Example 3: a long-running analysis triggered from a webhook
An external system fires a webhook when a document is uploaded. The platform should run the agent against the document, which can take 30–120 seconds, and post the result back to the originating system.
- Event-driven: yes, the work is initiated by an external event with a payload.
- Long-running: yes, comfortably past most webhook receiver timeouts on the originating side.
Model it as a trigger integration. The external system calls /integration/trigger/{id}/event with the document payload. The trigger runs the bot in the background and the integration's configured outbound delivery posts the result back. During development, use /integration/trigger/{id}/invoke to simulate event arrivals while the external system is being wired up.
If for some reason the trigger integration shape does not fit (for example, the inbound side is not a webhook at all but an in-application action), fall back to /conversation/dispatch from your application code. You will lose the trigger integration's configuration and event surface, but you keep the asynchronous completion semantics.
Common Pitfalls
A few patterns that tend to cause problems.
Using /conversation/complete (stateless) when you actually want the conversation to show up in the Inbox. Stateless completions do not appear in the platform's conversation surfaces. If your support team expects to be able to review what the agent said, you need a stateful conversation, not a stateless one.
Holding a streaming complete connection open for completions that take minutes. Long completions over a streaming HTTP connection are fragile - proxies time out, mobile networks drop, serverless functions hit execution limits. If a completion is reliably going to take more than 20–30 seconds, dispatch it and subscribe to the channel.

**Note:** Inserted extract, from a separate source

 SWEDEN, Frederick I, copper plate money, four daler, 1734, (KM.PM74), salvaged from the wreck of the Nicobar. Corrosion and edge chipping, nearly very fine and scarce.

Modelling everything as a task. Tasks carry the overhead of a saved resource: they need to be created, managed, and cleaned up. A genuinely one-off completion does not need a task. Reach for /conversation/dispatch first.
Modelling event-driven work as a task that polls. If the trigger is an external event, a trigger integration is the direct fit. A task that polls an external system and runs when something has changed is a workaround for not having modelled the event source as a trigger.

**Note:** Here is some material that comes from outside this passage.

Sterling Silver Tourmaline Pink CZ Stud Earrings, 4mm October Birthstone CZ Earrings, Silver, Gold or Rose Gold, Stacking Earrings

Calling /integration/trigger/{id}/invoke in production traffic. invoke exists for testing and manual execution. Production traffic should go through /event so payloads land where the integration expects them. Using invoke in production loses the event payload entirely.
Forgetting that dispatch does not return the result synchronously. Code that calls dispatch and immediately tries to read a reply from the response will get a channelId and nothing else. If you need the reply in-band, use complete, not dispatch.
Summary
The conversation API exposes five completion shapes that cover the combinations of stateless vs stateful and synchronous vs background. Most chat UIs land on /conversation/{id}/complete. Stateless integrations land on /conversation/complete. The send and receive split is for the cases where you need to interpose logic between recording a user message and producing the agent reply. dispatch is the background variant, with the result delivered later through a channel subscription or through the conversation history.
Alongside those, two other endpoints cover the cases where a completion is part of a larger configured resource: /task/{id}/trigger for saved, schedulable agent jobs, and /integration/trigger/{id}/invoke for event-driven trigger integrations that you want to fire manually. They are not alternatives to dispatch - they are the on-demand entry points for two different kinds of long-lived resource.
The right endpoint is the one whose shape matches the work. A one-off completion is a dispatch or a complete. A named, scheduled, repeatable job is a task. An event-driven webhook handler is a trigger integration. Pick the resource type first, and the endpoint follows.